Страница 5 из 17
Дверь распахнулась, но не так сильно, как можно было ожидать по тому жесту, с каким вламывался в кондитерскую очередной сладкоежка. Секундой ранее он выскочил из салона, да так быстро, точно ступеньки авто раскалились на солнце, и жар этот чувствовался даже через каучуковые подошвы ботинок. Он навалился на дверь всем телом, вдавливаясь в нее плечом и руками, едва не врезавшись в нее щекой, которая не достала до стекла нескольких сантиметров. Он стал бы похож на любопытного ребенка, заглядывающего в окошко, чтобы выяснить, что же прячут от него родители. Конечно, сладости…
Слишком жесткими пружинами крепилась дверь к косяку. Пружины заскрипели, звякнул потревоженный открывающейся дверью колокольчик, подвешенный к потолку.
Дверь приоткрылась. Проход был чуть уже, чем тучное тело посетителя, и тому, чтобы пробраться внутрь, пришлось еще немного поднажать и упереться ногами в пол. Наконец он проскользнул в кондитерскую, увернувшись от закрывающейся двери. Она хотела ухватить его, но смогла прикоснуться лишь к полам развевающегося свободного пиджака. Сзади его подгонял поток теплого воздуха.

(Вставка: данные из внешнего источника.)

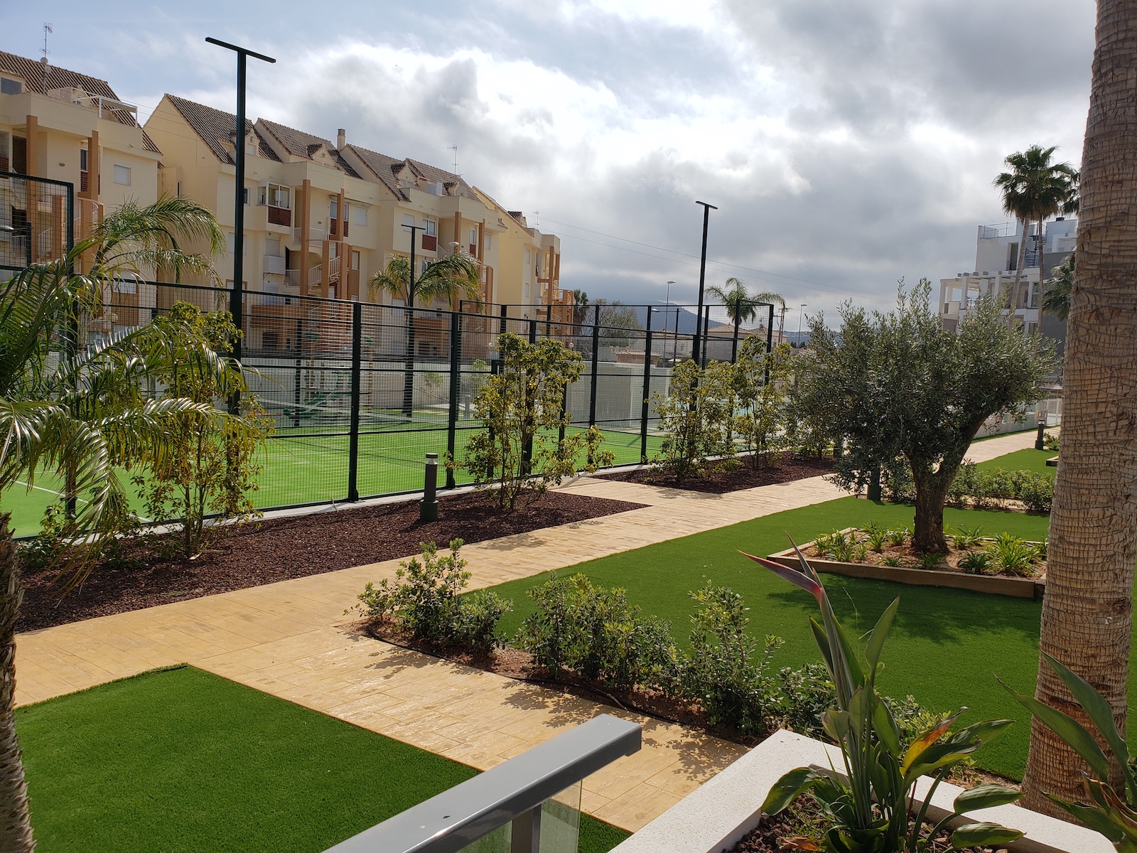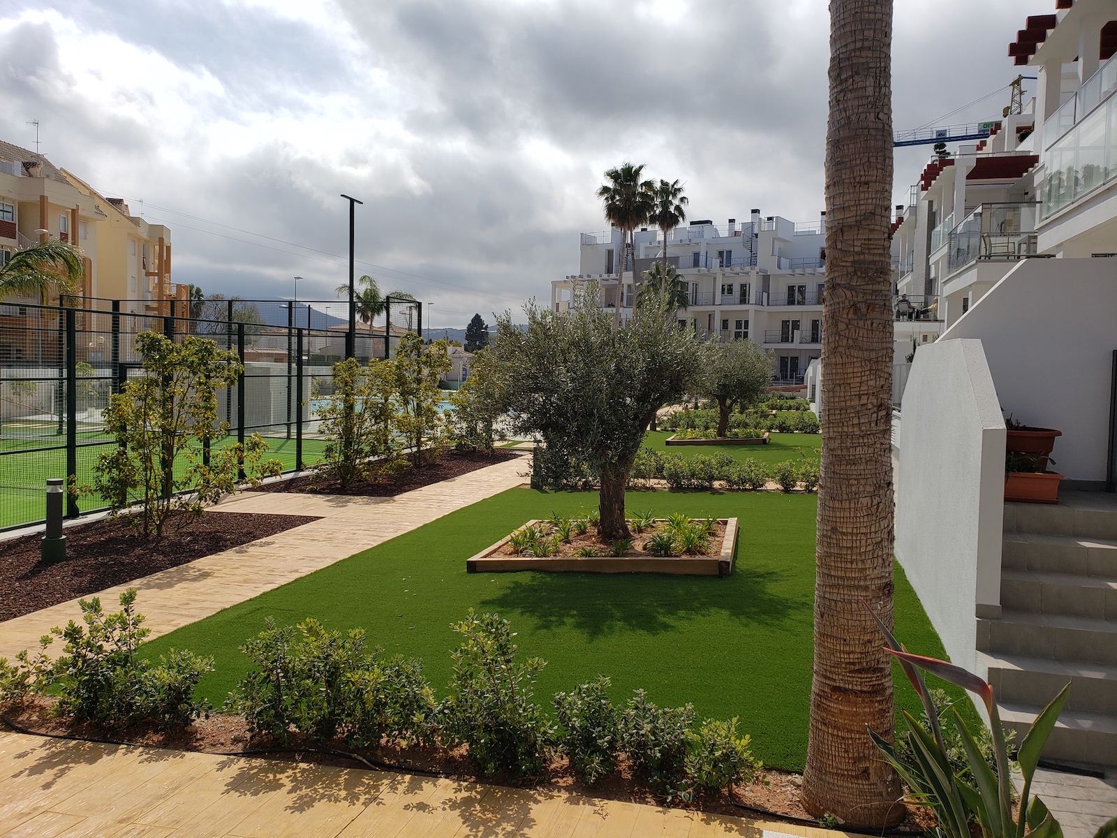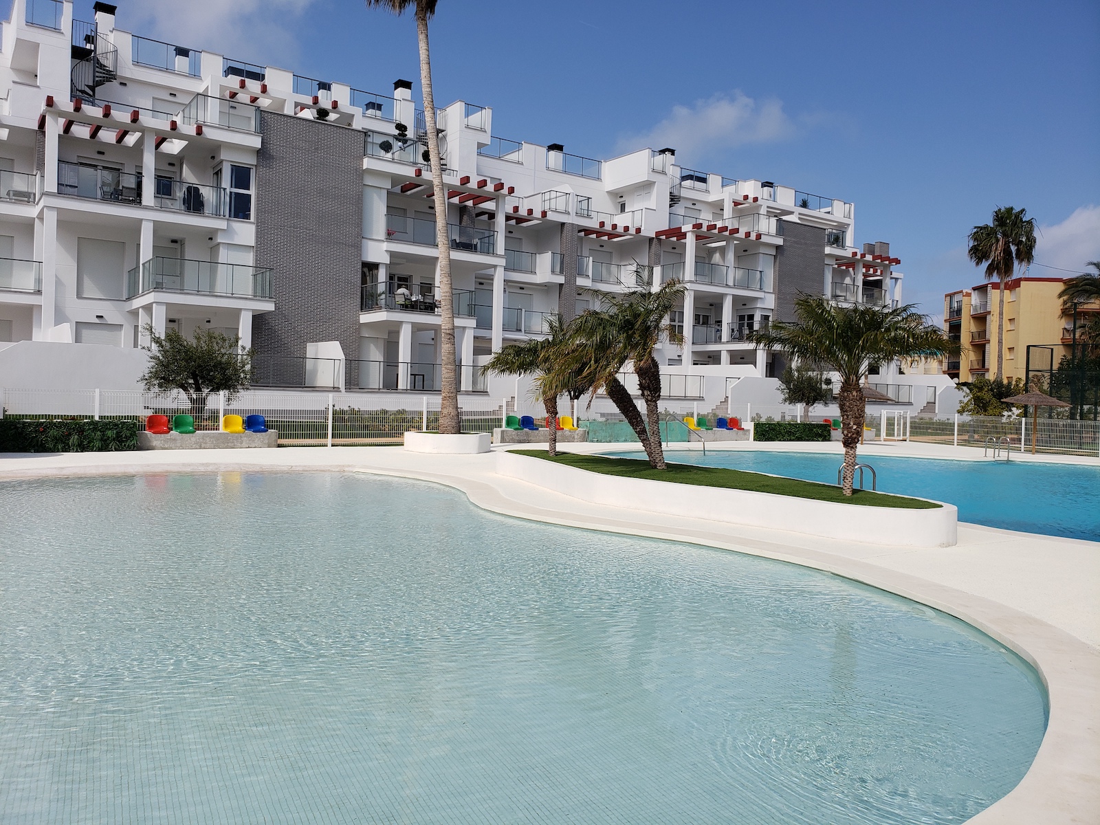 Lejlighedskompleks kun 5 min. til fods fra havet i Denia med smukke haveområder, natbelysning i fællesarealerne, en legeplads, underjordisk parkering, fælles pool for voksne og børn.

Человек устремился к прилавку.
Шешель не удержал улыбку. Он не стал бы обращать внимание на этого человека, если бы тот так долго не боролся с входной дверью.
Влюбленная пара уделила ему столько же внимания, сколько заслуживает жужжащий где-то в глубине комнаты комар.
Похоже, он входил в число постоянных клиентов, чей вкус кондитер успел изучить.
— Здравствуйте, Павел Сергеевич, — проговорил он, елейно расплывшись в улыбке, появившейся на его лице уж никак не из-за наблюдений за мучениями посетителя. Мог и помочь, — рад вас видеть. Вчера вечером ходил с супругой на вашу новую картину. Потрясающе. Потрясающе.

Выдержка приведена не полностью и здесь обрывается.